“And then that summer at camp I met K-15, who had that kind of puppy-dog face with the big brown eyes and drooping eyelids that just sort of made you want to take care of her, only she didn’t want me to take care of her, because she was a very empowered feminist who liked me because she thought I was the great mind of my generation, but then she decided I would never be—and again I’m quoting—‘an artist,’ which was apparently cause for dismissal even though I had never claimed to be an artist—and in fact if you have listened closely you have already heard me freely admit that I suck at pottery.
“And then after a horrendous dry spell, I met Katherine XVI on the roof deck of a hotel in Newark, New Jersey, during an Academic Decathlon tournament in October of my junior year, and we had about as wild and torrid an affair as you can possibly have over the course of fourteen hours at an Academic Decathlon tournament, which is to say that at one point we had to kick her three roommates out of her hotel room so we could make out properly, but then even after I emerged from the tournament with nine gold medals—I sucked at Speech—she dumped me on account of how she had a boyfriend back home in Kansas and she didn’t want to dump him, so I was the next logical person to dump.
“Katherine XVII I met—I’m not going to lie about it—on the Internet the next January, and she had a pierced nose with a ring in it and had this immensely impressive vocabulary with which she was able to talk about in-die rock—one of the words she used that I didn’t initially know the definition of was, in fact, ‘indie’—and it was fun to listen to her talk about music and one time I helped her dye her hair, but then she broke up with me after three weeks because I was sort of ‘emo nerd’ and she was more looking for ‘emo core. ’
“While I generally don’t like to use the word ‘heart’ unless I’m referring to the blood-pumping, beat-beat-beating organ, there’s no question that Katherine XVIII broke my heart, because I loved her immensely from the very moment I saw her at a concert Hassan made me attend during Spring Break, and she was this short fiery woman who hated being called a girl, and she liked me and at first it seemed she shared my massive sense of insecurity, and so I just built up my hopes ridiculously and found myself writing her these extravagantly long and painfully philosophical e-mails, and then she dumped me over e-mail after only two actual dates and four actual kisses, whereupon I found myself writing her these extravagantly long and painfully pathetic e-mails.
“And just two weeks after that, Katherine I showed up on my doorstep and soon enough she became K-19, and she was a nice girl with a good heart who liked helping people, and none of them ever lit my heart—God, I can’t stop it with that word now—on fire like she did, but I just needed her so much and it never felt like enough and she wasn’t consistent and her inconsistency and my insecurity were this horrible match for each other, but I still loved her, because all of me was wrapped up in her, because I’d put all my eggs in someone else’s basket, and in the end, after 343 days, I was left with an empty basket and this gnawing endless hole in my gut, but then now I find myself deciding to remember her as a good person with whom I had some good times until we, both of us, got ourselves into an ineradicably bad situation.

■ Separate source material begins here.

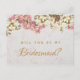 Dieses elegante Blumenangebot "Werden Sie meine Bridesmaid" Postkarte hat einen Marmorhintergrund und rosa-weiße Orchideen auf der oberen Hälfte. Der Titel "Bridesmaid" und die Nachricht auf der Rückseite sind in einem eleganten Kalligraphieskript geschrieben. Alle Texte haben eine goldgelbe Farbe. Das Vintage Bouquet mit rosa-weißen Orchideen aus der Blume stammt aus einer Vintagen Grußkarte von Bertha Maguire (1862-1910), die jetzt im öffentlichen Bereich erhältlich ist.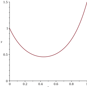 It can be shown that for a sufficiently idealized wire cable of length c, hanging between two supports at x1,y1 and x2,y2 in a vertical xy-plane, the equation describing the shape of the cable is of the form yx=k coshd+x/k−λ, with c constrained by the equation c=k sinhd+x2/k−sinhd+x1/k. In this context, the curve is called a catenary, from the Latin catina (chain). If such a cable of length c=2 hangs between the points 0,1 and 1,3/2, find the equation of the resulting catenary, and draw its graph.

“And the moral of the story is that you don’t remember what happened. What you remember becomes what happened. And the second moral of the story, if a story can have multiple morals, is that Dumpers are not inherently worse than Dumpees—breaking up isn’t something that gets done to you; it’s something that happens with you. ”
“And the other moral of the story is that you, Smartypants, just told an amazing story, proving that given enough time, and enough coaching, and enough hearing stories from current and former associates of Gutshot Textiles, anyone—anyone—can learn to tell a damned good story. ”
“Something about telling that story made my gut grow back together. ”
“What?”
“Oh, nothing. Thinking out loud. ”
“That’s who you really like. The people you can think out loud in front of. ”
“The people who’ve been in your secret hiding places. ”
“The people you bite your thumb in front of. ”
“Hi. ”
“Hi. ”
“. . . ”
“. . . ”
“Wow. My first Lindsey. ”
“My second Colin. ”
“That was fun. Let’s try it again. ”
“Sold. ”
“. . . ”
“. . . ”
“. . . ”
“. . . ”
“. . . ”
“. . . ”
“. . . ”
“. . . ”
They left the cave together very late that night, and drove home separately, Colin in the Hearse and Lindsey in the pink pickup. They kissed once more in the driveway—that kiss as good as her smile hinted it would be—and then snuck into the house for a few hours of sleep.